Sensing Characteristics of Flame-Spray-Made Pt/ZnO Thick Films as H(2) Gas Sensor

Hydrogen sensing of thick films of nanoparticles of pristine, 0.2, 1.0 and 2.0 atomic percentage of Pt concentration doped ZnO were investigated. ZnO nanoparticles doped with 0.2–2.0 at.% Pt were successfully produced in a single step by flame spray pyrolysis (FSP) technique using zinc naphthenate and platinum(II) acetylacetonate as precursors dissolved in xylene.
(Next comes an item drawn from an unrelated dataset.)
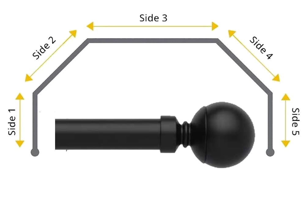 Rolls Neo 28mm Ball 5 Sided Bay Window Curtain Pole Matt Black

The particle properties were analyzed by XRD, BET, SEM and TEM. Under the 5/5 (precursor/oxygen) flame condition, ZnO nanoparticles and nanorods were observed. The crystallite sizes of ZnO spheroidal and hexagonal particles were found to be ranging from 5 to 20 nm while ZnO nanorods were seen to be 5–20 nm wide and 20–40 nm long. ZnO nanoparticles paste composed of ethyl cellulose and terpineol as binder and solvent respectively was coated on Al(2)O(3) substrate interdigitated with gold electrodes to form thin films by spin coating technique. The thin film morphology was analyzed by SEM technique. The gas sensing properties toward hydrogen (H(2)) was found that the 0.2 at.% Pt/ZnO sensing film showed an optimum H(2) sensitivity of ∼164 at hydrogen concentration in air of 1 volume% at 300 °C and a low hydrogen detection limit of 50 ppm at 300 °C operating temperature.